_What is being asked_
Starting from the line that holds "En tatlı hediye", output exactly each line through the end of the listing. Do not copy pictures.

_Data in this exercise_
------------------------------
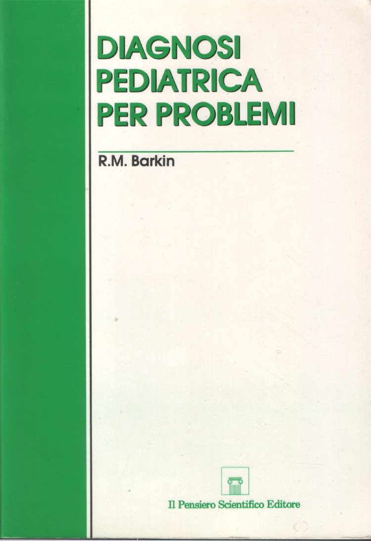 In-8°, pp. IX, (1), 258, copertina editoriale. Con quattro tavole fuori testo, a colori, ospitanti inserzioni pubblicitarie e carattere farmaceutico. In ottimo stato. Tiratura speciale per Roussel Pharma S.p.A. Pubblicazione scientifica riservata ai Sigg. Medici. Indice: Prefazione. 1. Approccio al bambino sano; 2. La rianimazione in pediatria; 3. Shock; 4. Problemi idro-elettrolitici; 5. Febbre; 6. Deficiti di accrescimento; 7. Encopresi; 8. Enuresi; 9. Irritabilità; 10. Dolore toracico; 11. Aritmie e cardiopalmo; 12. Ipertensione; 13. Rash; 14. Otalgia; 15. Linfoadenopatia e rigonfiamento cervicale; 16. Scolo del naso ed epistassi; 17. Faringite e mal di gola; 18. Disturbi della vista; 19. Occhio rosso; 20. Dolore addominale; 21. Emorragia digestiva: ematemesi e rettorragia; 22. Stipsi; 23. Diarrea; 24. Disfagia; 25. Epatosplenomegalia; 26. Vomito; 27. Emorragia vaginale; 28. Perdite vaginali; 29. Anemia; 30. Emorragia; 31. Ipoglicemia; 32. Disturbi dello stato mentale; 33. Atassia; 34. Cefalea; 35. Paralisi; 36. Convulsioni; 37. Sincope; 38. Artralgie e dolori articolari; 39. Claudicazione; 40. Disuria e pollachiuria; 41. Ematuria e proteinuria; 42. Dolore testicolare; 43. Apnea; 44. Tosse; 45. Cianosi; 46. Sofferenza respiratoria (Dispnea); 47. Il bambino traumatizzato. Appendici. A, Segni vitali; B. Curve di accrescimento; C. Tabelle di conversione; D. Valori normali di laboratorio; E. Farmaci di uso comune in pediatria. Indice analitico.
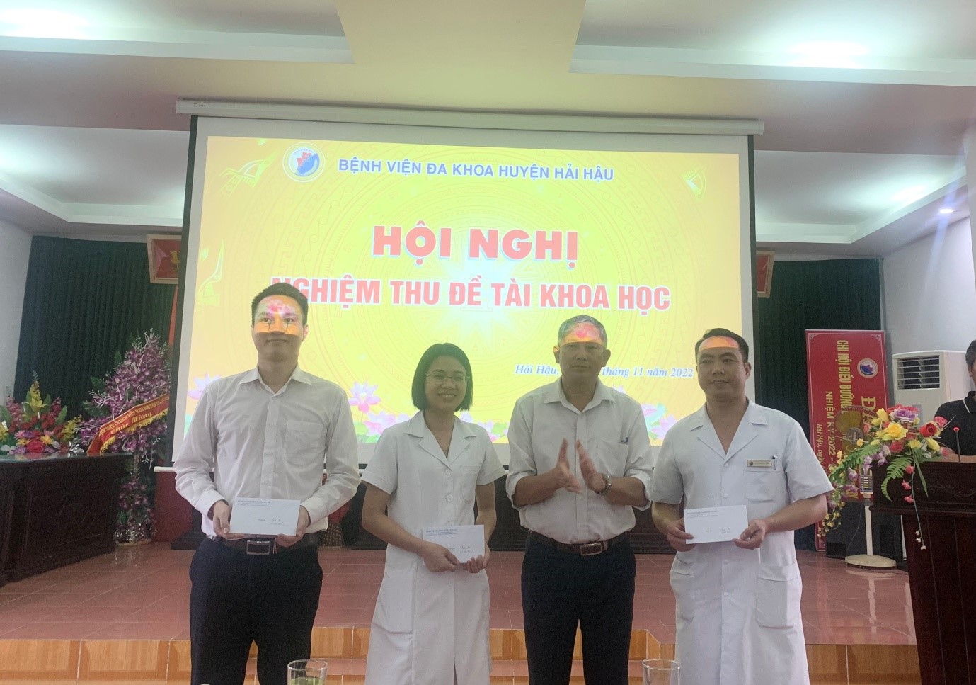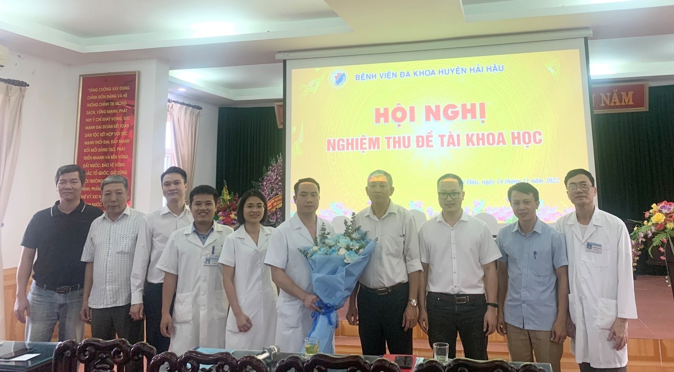 Thực hiện quyết định số 1121/KH-SYT ngày 10/11/2022 của Bệnh viện đa khoa Hải Hậu về việc “Thành lập Hội đồng tổ chức nghiệm thu đề tài khoa học cấp cơ sở năm 2022”, ngày 14/11/2022, Hội đồng khoa học Bệnh viện đa khoa Hải Hậu tiến hành tổ chức nghiệm thu đề tài khoa học cấp cơ sở năm 2022.
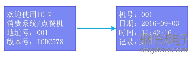 將消費(fèi)機(jī)插上12V電源,開(kāi)機(jī)時(shí)顯示版本號(hào)和機(jī)器號(hào),最后轉(zhuǎn)入待機(jī)界面,顯示機(jī)器號(hào)、日期、時(shí)間界面。
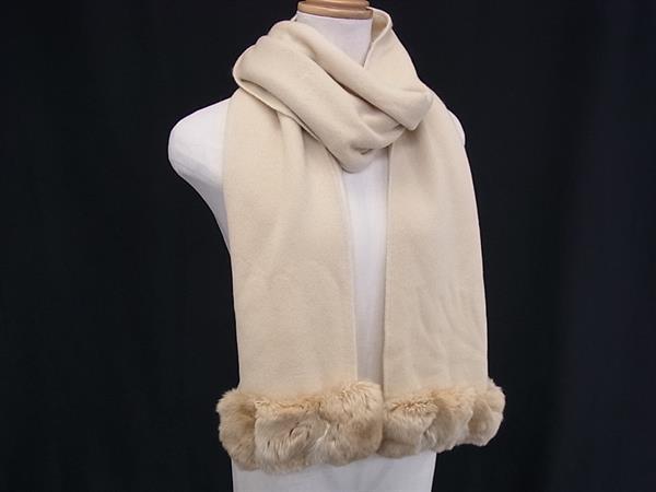 - 1円 ■極美品■ FOXEY フォクシー カシミヤ×チンチラ マフラー ストール レディース ベージュ系 FG9613
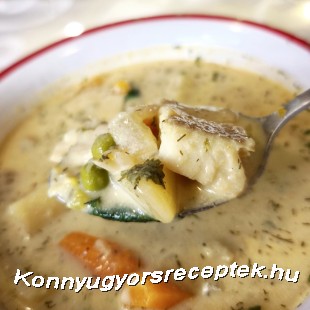 4. Ha megpuhultak, beleöntjük a tejszínt, a zöldborsót, sózzuk-borsozzuk és beletesszük a kb 5x5 centis kockákra vágott átsütött tőkehalat. Folytonos keverés mellett további 15 percig főzzük, végül belefacsarjuk egy fél citrom levét. Friss petrezselyemlevéllel tálaljuk.
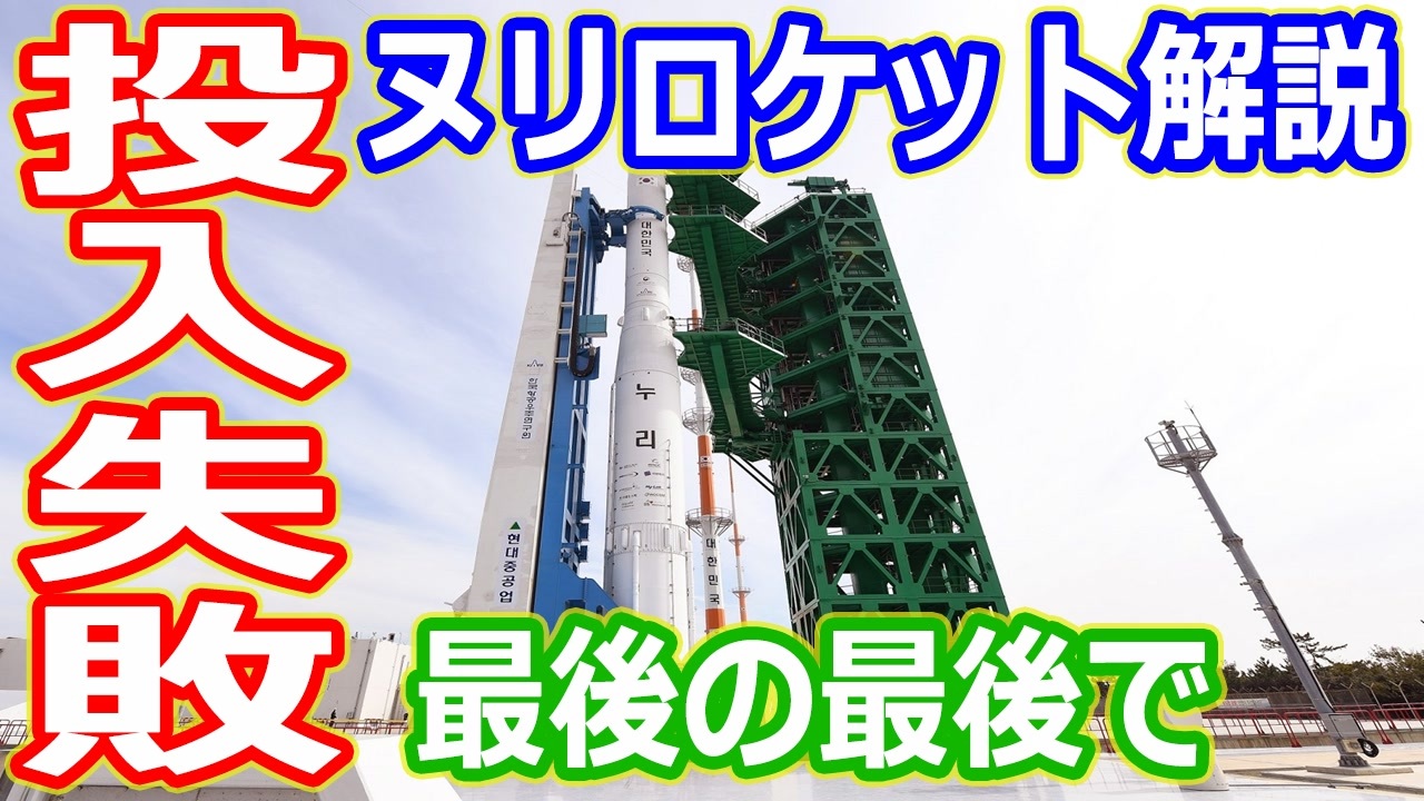 【訂正】三段目の原因について、初期は慣性誘導装置のエラーor故障と言われてましたが<br>今は、酸化剤タンクの圧力低下が有力とされています<br>ヘリウムガスで推進剤を押して燃焼室に送るガス押し式ですが、それでも圧力が保たれないことを考えるとタンクや配管・バルブに異常があり漏れていったかもしれません<br>この原因追及には時間がかかりそうです<br><br>今回は、韓国が打ち上げたKSLV-2ヌリロケット1号機解説です<br>1998年から紆余曲折ありながらようやく完成したヌリロケット1号機が2021年10月21日に打ち上げられました<br>一段目二段目は順調でしたが、三段目に異常があり軌道投入に失敗しました<br>子の解説では、ヌリロケットの歴史を踏まえながら失敗した原因について、現時点で判明してることを解説します<br><br>【いちおし宇宙系】<br>・アマゾンリンク<br><a href="https://amzn.to/2S8xjpH" target="_blank" rel="noopener nofollow">https://amzn.to/2S8xjpH</a><br>・元JAXA研究員も驚いた! ヤバい「宇宙図鑑」<br><a href="https://amzn.to/3awwble" target="_blank" rel="noopener nofollow">https://amzn.to/3awwble</a><br>・はじめてのうちゅうえほん(子ども向け)<br><a href="https://amzn.to/3iTLY22" target="_blank" rel="noopener nofollow">https://amzn.to/3iTLY22</a><br><br>公平性や中立性を考えてアフィリエイトリンクは控えていましたが、得た収益を次のレビュー書籍や機材代にするために始めました<br>よろしくお願いします<br><br>へえ~と思ったらチャンネル登録と高評価をお願います<br>ツイッターでは、たまに宇宙ネタをつぶやいています<br><br>◆チャンネル登録はこちら<br><a href="http://www.youtube.com/channel/UChOv-TZWg3X4MDjFUF8CfQg?sub_confirmation=1" target="_blank" rel="noopener nofollow">http://www.youtube.com/channel/UChOv-TZWg3X4MDjFUF8CfQg?sub_confirmation=1</a><br>◆サブチャンネル(スカイ三平の雑多推進研究所)<br><a href="http://www.youtube.com/channel/UCpQEOLtOpmXUwslvgi93yQw?sub_confirmation=1" target="_blank" rel="noopener nofollow">http://www.youtube.com/channel/UCpQEOLtOpmXUwslvgi93yQw?sub_confirmation=1</a><br>◆twitterはこちら<br><a href="https://twitter.com/skysanpei" target="_blank" rel="noopener nofollow">https://twitter.com/skysanpei</a>
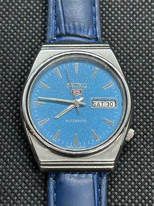 It has a sleek design, with thin stainless-steel case, bold blue dial with day-date window, and working automatic self-winding movement. As with anything Seiko, very good quality.
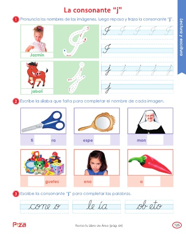1 Pronuncia los nombres de las imágenes, luego repasa y traza la consonante “j”.
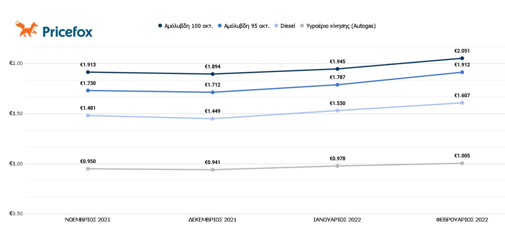 Σύμφωνα με το παρακάτω γράφημα, οι τιμές του πετρελαίου για τους οδηγούς που χρησιμοποιούν πετρελαιοκίνητα αυτοκίνητα, αυξήθηκαν μέσα στους πρώτους έξι μήνες του 2020, φτάνοντας τον Δεκέμβριο του 2020 στο 1,136€/λίτρο. Οι τιμές εκτοξεύτηκαν το Δεκέμβριο του 2021 προς το 1,449€/λίτρο και μέσα σε μόλις δύο μήνες είδαμε επιπλέον αύξηση με αποτέλεσμα η μέση τιμή στον μήνα που διανύουμε να διαμορφώνεται στο 1,607€/λίτρο.
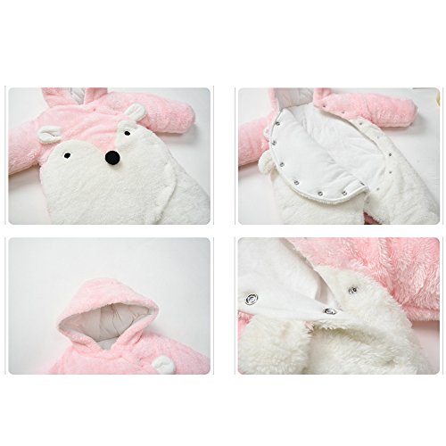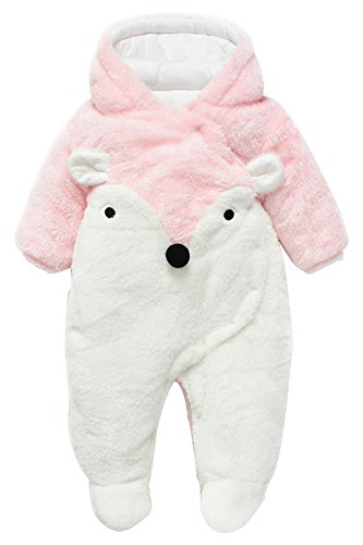 KINDOYO 新生児 冬 ラブリー ベビー カバーオール アニマル ロンパース 男女ユニセックス 寝間着 厚い シャム フード付き ボディスーツ , ピンク
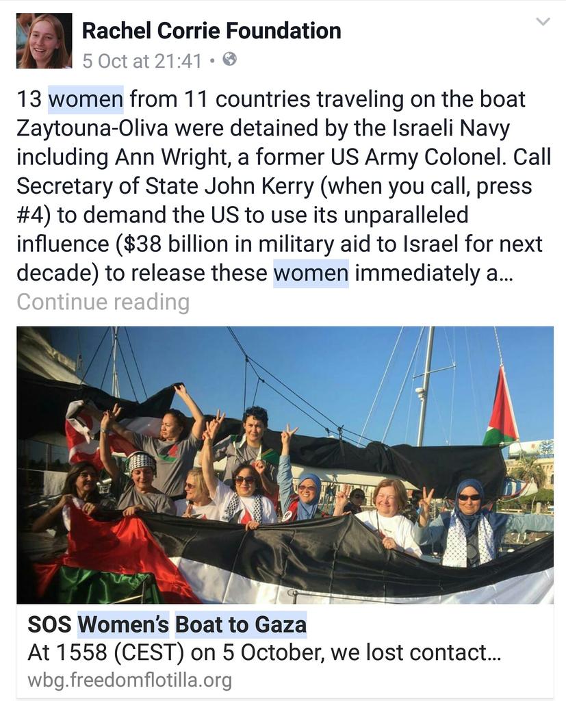 Según la web Middle East Monitor, el ejército de Israel ha abordado al Zaytouna y ha exigido a la capitana, la coronel Ann Wright de la armada estadounidense, que dé la vuelta o las 13 activistas, entre las que se encuentra la española Sandra Barrilaro, serán detenidas.
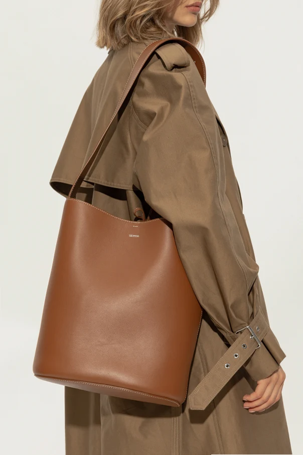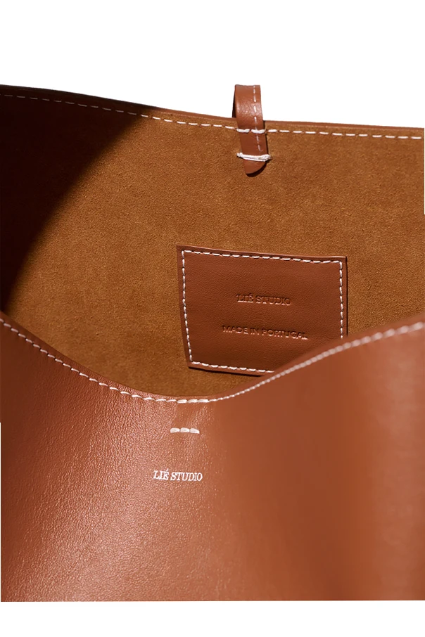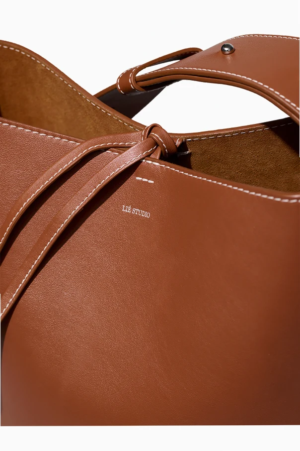 Hergestellt aus hochwertigem, glattem Leder, besticht sie durch subtile Eleganz und luxuriöses Aussehen. Die dominante braune Farbe der Tasche macht sie zu einem vielseitigen Accessoire für jedes Outfit. Auf der Vorderseite der Tasche befindet sich ein dezentes, weißes Logo des Designers "LĒ STUDIOS", das ihre Exklusivität unterstreicht.
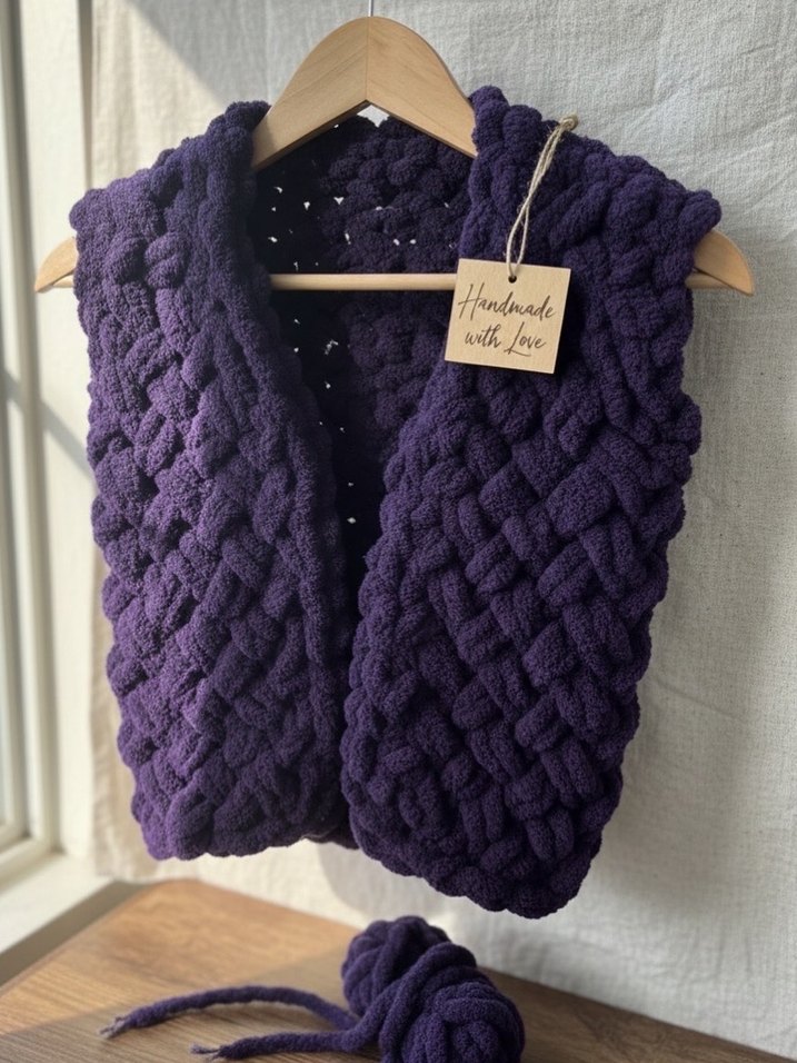 En tatlı hediye seçeneği! Yakınlarınızın yeni doğan bebekleri için hem kalıcı hem de çok özel bir el emeği arıyorsanız, bu mor pofuduk yelek harika bir tercih.
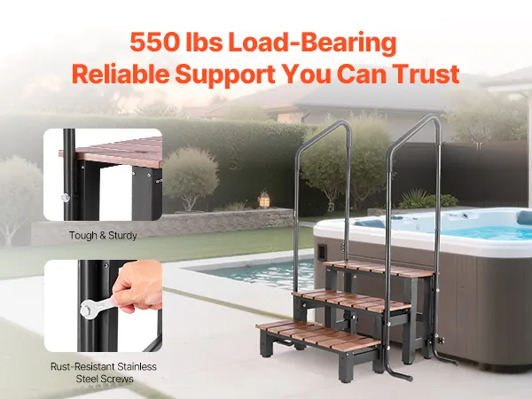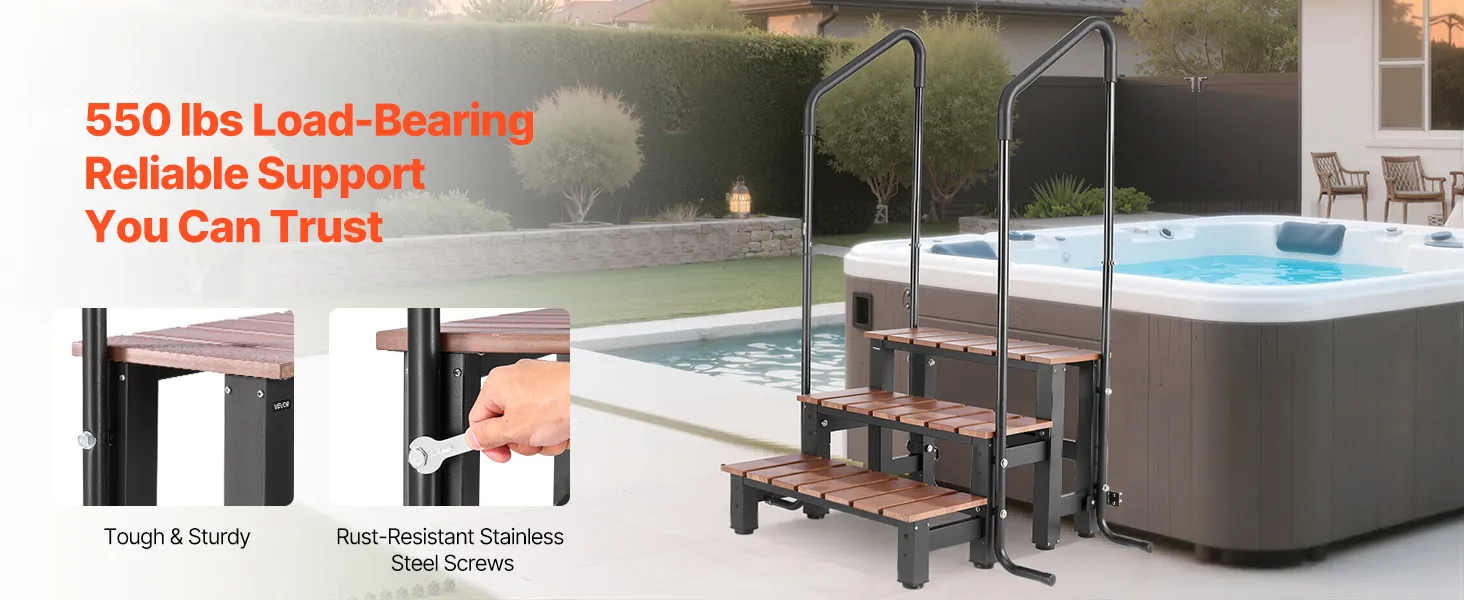 VEVOR Badkuiptrap Zwembadtrap 3-trede RV-trap, 640,08 mm brede buitentrap voor bovengrondse/opblaasbare zwembaden met een draagvermogen van 249,48 kg, veelzijdig voor veranda's en patio's
------------------------------
_Output_
 En tatlı hediye seçeneği! Yakınlarınızın yeni doğan bebekleri için hem kalıcı hem de çok özel bir el emeği arıyorsanız, bu mor pofuduk yelek harika bir tercih.
 VEVOR Badkuiptrap Zwembadtrap 3-trede RV-trap, 640,08 mm brede buitentrap voor bovengrondse/opblaasbare zwembaden met een draagvermogen van 249,48 kg, veelzijdig voor veranda's en patio's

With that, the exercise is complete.